На палубу вышел командир. Приняв рапорт помощника, он обратился к экипажу:

— Спасая баржу, личный состав отлично исполнил свой долг. Особенно отмечаю матроса Данилова. Одна минута, в которую он сумел перепрыгнуть на баржу и закрепить буксир, явилась решающей для спасения судна. Буду ходатайствовать перед адмиралом о поощрении матроса Данилова.

Командир окинул строй подчиненных ласковым взглядом.

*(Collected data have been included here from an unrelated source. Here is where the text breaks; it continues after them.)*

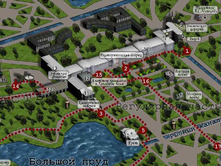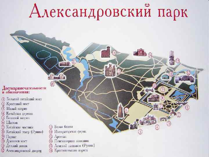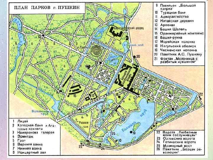 6 Верхная ванна 7 Нижная ванна 8 Эрмитаж 9 Грот 10 Холодная баня 11 Камеронова галерея 12 Собственный садик 13 Адмиралтейство 14 Павильон «Зал на острову» 15 Чесменская колонна 16 Турецкая баня 17 Мраморный мост 18 Пирамида 19 Башня-руина 27 Концертный зал 28 Кухня-руина 30 Скрипучая беседка 20 Орловские ворота 22 Готические ворота 23 Фонтан «Девушка с кувшином» 24 Гранитная терраса 25 Кагульский обелиск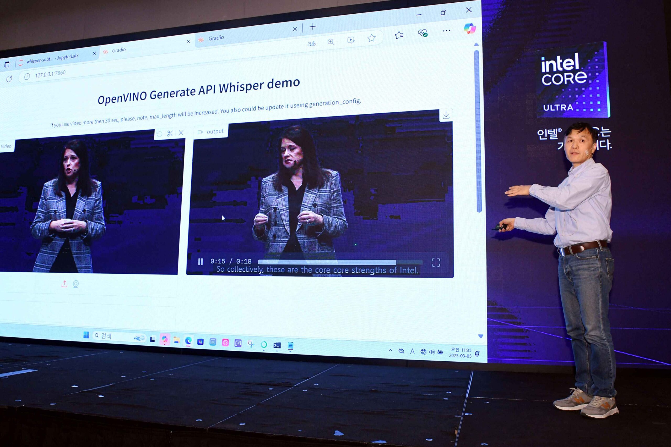 인텔코리아 박승재 상무가 인텔 테크 데이에서 인텔 코어 Ultra 200H 및 HX 시리즈 프로세서를 소개하고 있다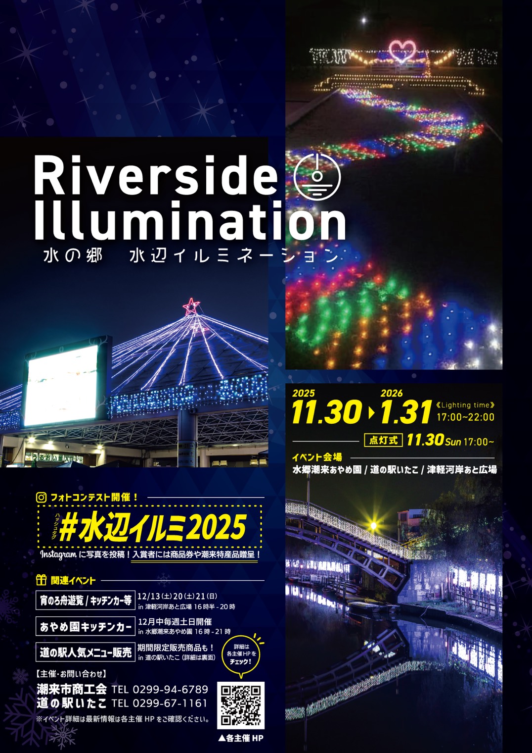 1月30日(日)~令和8年1月31日(土)まで、水の郷 水辺イルミネーション「Riverside Illumination」が道の駅いたこ、津軽河岸あと広場、水郷潮来あやめ園で開催します!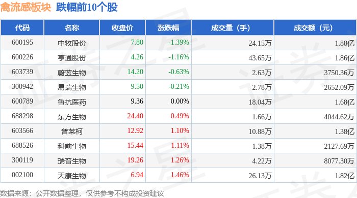 从资金流向上来看,当日禽流感板块主力资金净流出283.25万元,游资资金净流出4442.81万元,散户资金净流入4726.06万元。禽流感板块个股资金流向见下表: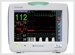 麻酔中の心拍、呼吸、血圧、血液中の酸素濃度などをモニタリングする機械です。この機器により、動物の麻酔中の異常をいち早く感知し、対応することが可能になります。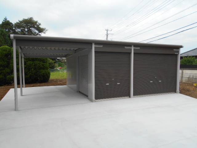 ヨドガレージラヴィージュになります、左側カーポートスペース、ガレージ内は倉庫スペース、車庫スペースと区分けしてあります。側面から出入りできるシャッターをつけ内部コンセントまで設置して完成です。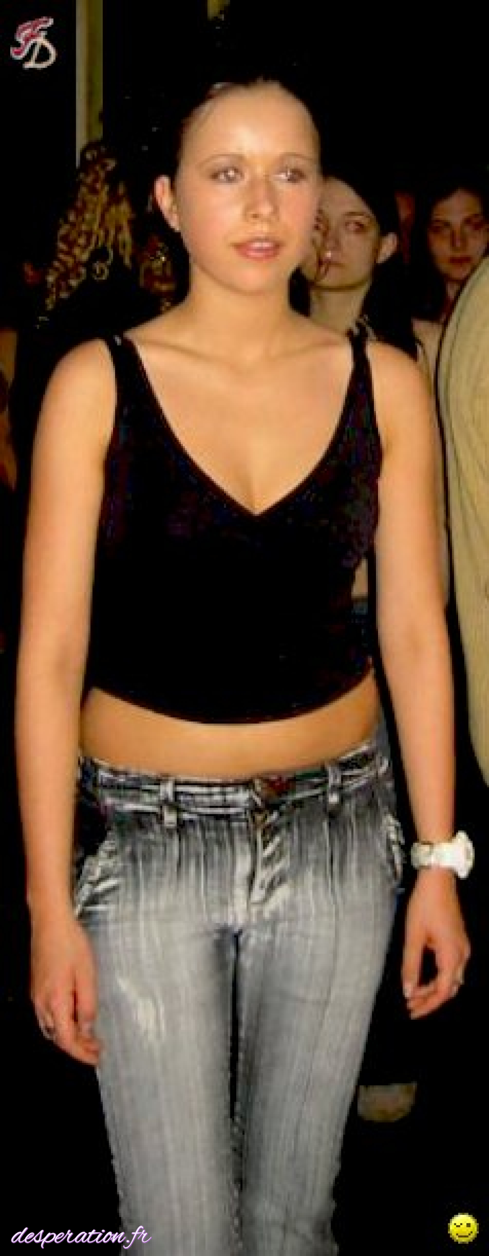 La vessie pleine, elle ne peut se retenir de pisser dans sa petite culotte en public.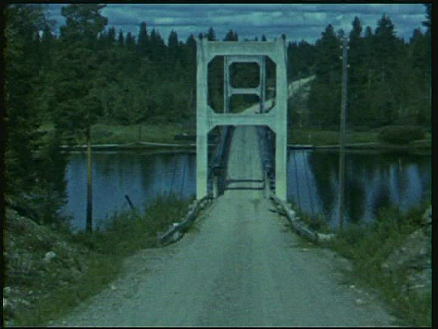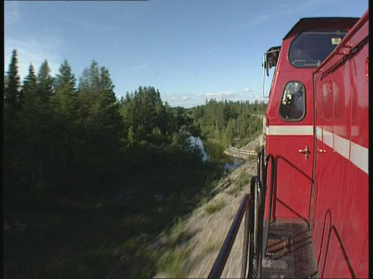 > pov - drone flying over small river in swedish forest

Заметив в строю нахимовца, он чуть нахмурился.

— Нахимовец Похитайло, выйти из строя! — приказал капитан-лейтенант.

Боря, стараясь избежать взгляда командира, вышел из строя. «Ну, — мелькнула мысль у него, — наказание!» Он весь съежился, прижал руки к бедрам и замер.

Но командир словно забыл о нем и, шагнув вперед, оставил нахимовца за своей спиной.

— Товарищи матросы, старшины и офицеры, — торжественно произнес командир, — благодарю вас за отличное выполнение боевого задания.

Ряды моряков дрогнули. От трапа до кормового клюза точно пробежал легкий шорох, и вдруг воздух сотрясло многоголосое:

— Служим!.. Советскому!.. Союзу!..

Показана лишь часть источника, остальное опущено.